Libya mengalami perang saudara yang "jauh lebih buruk" daripada kerusuhan yang menggulingkan diktator Moamer Gaddafi pada tahun 2011, kata penduduk yang melarikan diri dari negara itu, Sabtu.
"Kami telah melalui (perang) sebelumnya, dengan Gaddafi, tetapi sekarang itu jauh lebih buruk," kata Paraskevi Athineou, seorang wanita Yunani yang tinggal di Libya, kepada AFP.
"Tidak ada pemerintah, kami tidak punya makanan, tidak ada bahan bakar, tidak ada air, tidak ada listrik selama berjam-jam," katanya.
Athineou salah satu dari 186 orang yang dievakuasi dari Tripoli oleh kapal angkatan laut Yunani dan mencapai pelabuhan Piraeus Sabtu pagi.
Selain 77 warga negara Yunani, ada 78 warga Tiongkok, 10 orang Inggris, 12 Siprus, tujuh Belgia, satu Albania dan Rusia.
Di antara mereka adalah beberapa diplomat, termasuk duta besar Tiongkok untuk Libya.
Libya telah menderita ketidakamanan kronis sejak penggulingan Gaddafi pada tahun 2011, dengan pemerintah baru tidak dapat mengendalikan milisi yang membantu untuk menyingkirkannya dan menghadapi ancaman dari kelompok-kelompok Islam.
"Begitu banyak orang mati untuk membuat negara ini lebih baik.
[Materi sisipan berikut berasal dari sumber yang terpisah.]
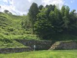 猛暑の中、安来歴史資料館でスタンプを押してから、月山富田城登城。車で登城口まで移動し、山中御殿まで歩き、本丸跡までは15分位。登城の道を前に、あまりの暑さに、山中御殿までにしました。 |

Tetapi sekarang kami mulai membunuh satu sama lain dalam perang saudara," kata Osama Monsour, yang berpengalaman kerja 35 tahun pada organisasi non-pemerintah di Tripoli.
Pertempuran antara milisi-milisi yang bersaing di Tripoli telah memaksa penutupan bandara internasional kota itu, sementara kelompok-kelompok Islam juga memerangi pasukan khusus di kota timur Benghazi.
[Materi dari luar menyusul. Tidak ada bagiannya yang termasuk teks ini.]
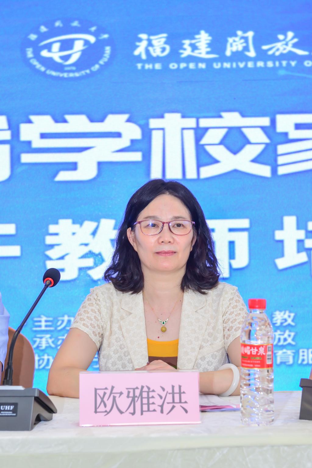 首先,欧雅洪代表福建开放大学对参加本期家庭教育骨干教师培训班的老师们表示热烈的欢迎,对长期以来关心和支持福建开放大学建设发展的省教育厅及全省各级教育局表示衷心的感谢。她以学校的基本情况和办学40多年来的“四个转变”与“四大贡献”为切入点,介绍学校在家庭教育工作领域充分利用信息化手段,通过“线上+线下”相结合方式推进家庭教育的课程培训和考核,深度打造非学历培训新品牌。她强调,本次全省学校家庭教育骨干教师培训项目,是福建省教育厅贯彻落实《中华人民共和国家庭教育促进法》和《福建省家庭教育促进条例》的有益实践,按照省教育厅“百期万名”的工作部署,采取“分批次+分学段”形式,对全省各中小学校、幼儿园、中职学校德育干部、班主任、家庭教育骨干教师及少先队辅导员等进行家庭教育专题轮训。针对本次培训,她寄予四点希望,一要提高认识,珍惜学习机会;二要自我驱动,提升学习主动性;三要遵纪守法,严守培训纪律;四要融汇贯通,强化成果运用。

"Perang adalah di kota ... dan kita warga sipil berada di bawah tembakan dari kedua pihak," kata Athineou.
"Ini lebih buruk dari 2011," kata Ali Gariani, seorang Libya yang menikah dengan wanita Yunani.
"Waktu itu dibom oleh NATO. Tetapi sekarang kita sedang dibom oleh orang-orang Libya sendiri, dan ini benar-benar memalukan," katanya.